2021年03月07日 11:00 by 深江久美子

“まちづくりは人のつながりづくり”をコンセプトにした未来のまちづくりにつながる場「URBANG TABLE」。変革期を迎えている天神で、新しいまちに必要なモノ、都市としての機能とは?そんな“まち”の在り方を考えるトークイベント「TABLE SESSION TENJIN vol.03」が開催されました。
 

●STAY HOMEで人とまちが離れている?
新型コロナの影響や昨今のトレンドとして、働き方やワーケーション、移住、多拠点移住という言葉をよく聞くようになりました。三世代同居から単独世代へと家族構成や暮らしも変わり、結びつきが減少し地域の関り方に変化が出てきたようです。

今回は「家族・暮らしとまちづくり」をテーマに、筑紫女学園大学 准教授の橋本嘉代さんと九州大学 副理事・教授である田上健一さんをゲストに迎えました。多様化していく家族や地域・まちの機能について、福岡テンジン大学の学長 岩永真一さんが話を伺いました。
※緊急事態宣言中の開催に伴い今回はライブ配信のみで実施されました


●多様化する家族のあり方
「MORE」など雑誌の編集者としても活躍された橋本さんによると、晩婚化や共働きの増加からイクメン文化が定着し家族像は多様化。家族構成の変化は、雑誌を通してみると手に取るように分かるんだそう。昔は4人分だったレシピが今では2人分に、父親の子育て雑誌も刊行。特に母というアイデンティティが加わった主婦向けの雑誌はバラエティに富んでいるといいます。男性の役割は家に、女性は多様化している方向性が示されていました。

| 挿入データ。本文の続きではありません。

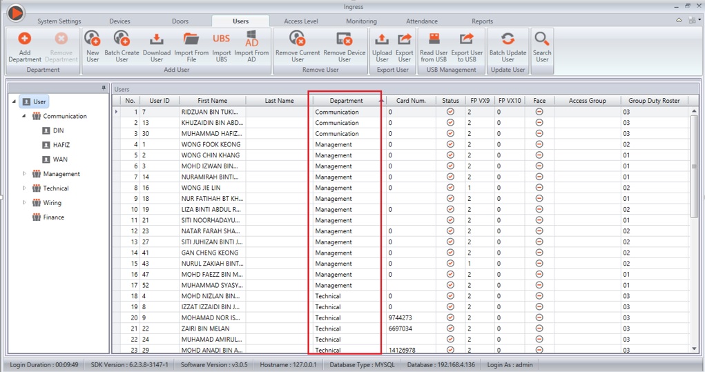 FingerTec has released a new version of Ingress (v3.0.5.10) recently, that provides more features and enhancement. In this latest version of Ingress, we have upgraded a new feature, where you can now filter up the users by groups or departments, to ease the process of searching users in the Attendance sheet and Reports.Benefit

また、ときめきの対象がモノから空間に変わったことも指摘。「所有」から「シェア」にトレンドが移行し、ミニマリズム(最小限主義)な暮らしを志向する人も増えています。

一方、社会不安が高まっている昨今では“家族の絆”が強まってきており、様々な家族構成が増える中で大事なのはコミュニティなんだとか。家族だと小さく、社会だと巨大。その中間にあたるコミュニティの充実を目指すと“家族”も“まち”も良くなるのではとヒントがありました。

 

●今の家族像にピッタリな住宅(ハコ)は?
食寝分離を図った標準設計の誕生から70年。建築計画を専門としている田上さんは、家族を有する住宅において、リモートワークが増え、職住一体型の暮らしが見直されていると話します。

首都圏では転出が増加し、福岡・地方は微増している人口ですが、身近な問題として空き家についても言及。一部では進んでいるものの、コワーキングスペースやゲストハウスなどとしてボーダレスに活用していくことが重要だとか。もちろんメンテナンスは必要です。住まいが融解し、ネットワーク化されれば何か面白いことが起こりそうですよね?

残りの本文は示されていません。